Wired into Truly Confident Living

Apr 10

Be comfortable going out of your comfort zoneI love being comfortable. One of my little pleasures is chilling out in my big armchair with a glass of something nice and a good movie playing on the telly. Comfortable is good; I like it a whooooole lot.

But (and I’m surprised it’s not a bigger butt with all that sitting down in my armchair), I’ve learned time and time again that life sometimes wrenches me out of my comfort zone. From starting my own business to going on a string of blind dates to jumping into a freelance advertising project with both feet, my comfort zone is something I’m spending less time in than ever.

It’s the discomfort that’s often inherent in going out of your comfort zone that makes people think that they lack confidence, don’t have what it takes to tackle the task in hand or are better off right where they are. So wouldn’t it be great if going out of your comfort zone was easier?

I was on a coaching call with legendary coach Dave Buck a little while ago, and discovered a fantastic way to do just that. I was listening to him coach someone else on the line (let’s call her Dee), who was experiencing discomfort around what might happen if she became really successful in her career – there was discomfort around others’ expectations and the pressure of having to deliver consistently. I listened as Dave took Dee straight to the centre of her discomfort, and as she wriggled and squirmed trying to move away from it he simply asked her to stay with it and tell him what was happening in her body and what she was feeling.

The call progressed and I saw a change happen in Dee. Rather than doing what most of us do, which is to wriggle, squirm or try to change the discomfort into something else, she was able to step into it and experience it. By the end of 20 minutes she already felt ‘easier’ with it; her capacity to experience that discomfort had increased.

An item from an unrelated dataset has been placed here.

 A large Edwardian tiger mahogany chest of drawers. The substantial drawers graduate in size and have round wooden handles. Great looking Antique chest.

And this is the trick – to spend time being uncomfortable or experiencing discomfort without wrestling with it, squirming next to it or trying to do anything about it. When you do that, like Dee found, something amazing happens (here comes the science bit).

Your capacity to be with discomfort increases to the point where it becomes larger than the discomfort. Your ability to experience ‘uncomfortableness’ increases to the point where it’s bigger than the uncomfortableness itself – and when you do that it longer has the same power or hold over you.

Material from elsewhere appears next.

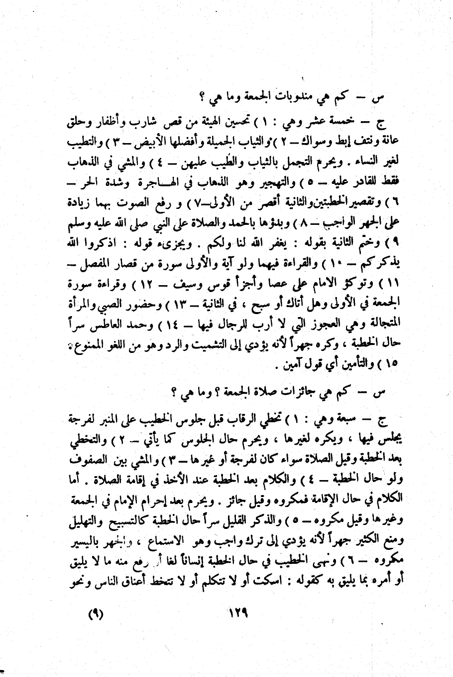 ج _ خَمْسَة عشر وَهِي 1) تَحْسِين الْهَيْئَة من قصّ شَارِب وأظفار وَحلق عانة ونتف إبط وَسوَاك 2) وَالثيَاب الجميلة وأفضلها الْأَبْيَض 3) والتطيب لغير النِّسَاء

To put it another way, when your capacity to experience discomfort becomes greater than the discomfort itself, you’re able to accept it and be at ease with it. You become comfortable with it.

That’s how – and believe me, I know how strange this sounds – going out of your comfort zone can be equally as comfortable as being in your comfort zone.

Picture that for a second. Picture yourself being just as comfortable going out of your comfort zone as you are in your comfort zone. Pretty cool huh?